3
votes

I am having a setup collecting metrics from telegraf into influxdb. Then grafana uses influxdb as data source to display graphs.

My problem is reducing disk usage, so I want to downsample old data (older than 3 days) and keep the new data (younger than 3 days) as is (raw)

I tried Retention Policy (RP) of influxdb and Continuous Queries (CQ) as described in guide: https://docs.influxdata.com/influxdb/v1.2/guides/downsampling_and_retention

         influxdb ("telegraf")
+----------------------------+
|                            |
| +-----------------------+  |
| |  table disk_raw       |  |
| |  CURRENT RP (RAW)     +---------+
| |  (deleted after 3d)   |  |      |
| +-----------------------+  |      |CQ (average 30 min of datapoints into 1)
| +-----------------------+  |      |
| |  table_disk_ds        |  |      |
| |  LONGTERM RP          +<--------+
| |(downsampled, kept 90d)|  |
| +-----------------------+  |
|                            +<----+
+----------------------------+     |
                                   |
                                   |
      grafana                      | grafana query
+----------------------------+     |
|                            |     |
|  +----------------------+  |     |
|  |    data graph        |  +-----+
|  +----------------------+  |
|                            |
+----------------------------+

The problem is - this solution is giving you 2 tables, one for raw data and one for downsampled data. CQ is constantly writing out to downsampled data. That is not so good for me as:

  • I am using grafana to query influxdb and it reads from single table to the graph. And I want one graph for both old data and new data.
  • Using 2 databases increases disk usage

Is there any way to downsample old records in the very same table?

configuring example: https://docs.influxdata.com/influxdb/v1.2/guides/downsampling_and_retention

grafana query

SELECT mean("used_percent") FROM "disk" WHERE ("device" = 'dm-0') AND $timeFilter GROUP BY time(10s) fill(none)

1
You want to have the cake and eat it - without any good reason. First, you can easily have multiple queries in a Grafana and the overhead in disk usage wether you have the data in one or in two databases is negligible.Markus W Mahlberg
Correction @MarkusWMahlberg the OP wants to have his cake and eat it with good reason, stated clearly in the question. It is a reasonable request to want to view recent data and older downsampled data within the same graph. Influx prides itself on conceptual simplicity and it's understandable that a user may consider the removal of measurements / records to be something that happens to the original data set, analagous to writing down a log in a notepad then crossing some lines out.hazymat
So, use two queries. Problem solved.Markus W Mahlberg

1 Answers

3
votes

EDIT2: Here's a workaround implemented with template variables in Grafana
https://github.com/grafana/grafana/issues/4262#issuecomment-475570324
This seems like a really good solution.

ORIGINAL ANSWER Looking into the example from the influxb page you linked

CREATE CONTINUOUS QUERY "cq_30m" ON "food_data" BEGIN
  SELECT mean("website") AS "mean_website",mean("phone") AS "mean_phone"
  INTO "a_year"."orders"
  FROM "orders"
  GROUP BY time(30m)
END

If you specify the same source and target table, namely orders, into both INTO and FROM clauses then the data will be written to the same table.
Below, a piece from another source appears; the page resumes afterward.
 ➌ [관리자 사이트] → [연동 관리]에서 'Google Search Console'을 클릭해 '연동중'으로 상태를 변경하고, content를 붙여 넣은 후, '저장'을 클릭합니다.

However, that does not solve your issue.
You would still need two queries to get the data from both retention policies. If you do a generic select * from disk_raw ... Influx will use the default retention policy and return data just from there.
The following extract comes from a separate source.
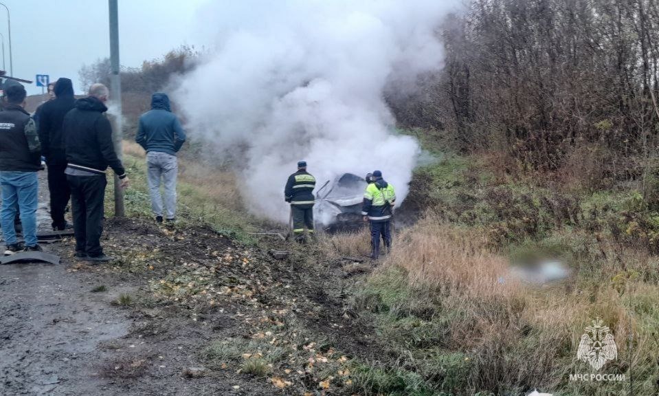 Пожарные МЧС ликвидировали возгорание автомобиля. В результате аварии погибли три человека, среди них один ребенок.

The way you usually go about this is by running two queries and concatenating the results. In a single request something like
select * from rp_short.diskraw; select * from rp_long.diskraw

EDIT: Here is a discussion of why it's not possible to do what you (and a lot of other people) want https://github.com/influxdata/influxdb/issues/2625 And also some ways to work around it.
Briefly, one way is to handle the downsampling and high resolution data manually (i.e not with CQ) and keep it in the same retention policy. Another is to use a proxy that would augment the query depending on the time range of the query in order to get the correct data.